The Short Answer
The name you list does correspond to the first compound shown under the naming scheme you were given for the second compound, however last I checked the IUPAC scheme recommends "N,N-dimethyl-2-propanamine" not "N,N-dimethylamine-2-propane" if you want to be really strict about it.
A More Realistic Look at Naming
Putting all that aside, you'll not often see simple substituted amines referred to this way by chemists. IUPAC naming in general is useful for unambiguously naming large, tricky compounds but for smaller garden-variety ones it's often seen as unnecessarily cumbersome.
The IUPAC scheme names amines in reference to the longest carbon chain (e.g. "N,N-dimethyl-2-propanamine"). The more common scheme for amines with relatively simple substituents is to name them in reference to the amine group instead (e.g. "dimethyl isopropyl amine").
This is similar to the common-name schemes for most other rotationally symmetric functional groups. In general, they're formatted:
[substituents, alphabetical if you're a pedant] followed by [type of compound]

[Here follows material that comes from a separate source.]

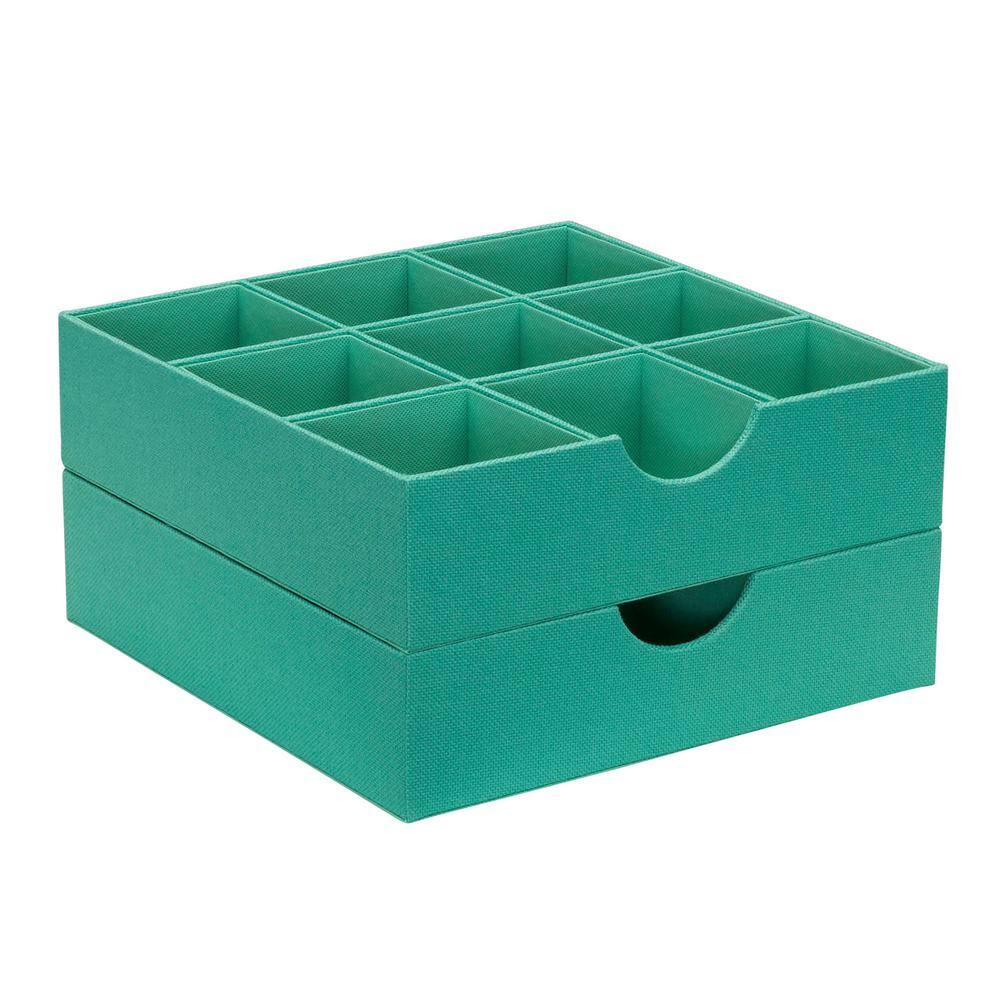 HOUSEHOLD ESSENTIALS 6 in. W x 3 in. H 1 Drawer Seafoam 3-Section Hard-Sided Linen Trays (2-Pack)

For example, the compound consisting of a methyl group and an ethyl group attached to an ether, ketone, or sulfide would be called "methyl ethyl ether", "methyl ethyl ketone", or "methyl ethyl sulfide" respectively.
Finally returning to the example you've given, the first compound would most commonly be referred to as "methyl tert-butyl amine" and the second compound would be called "dimethyl isopropyl amine".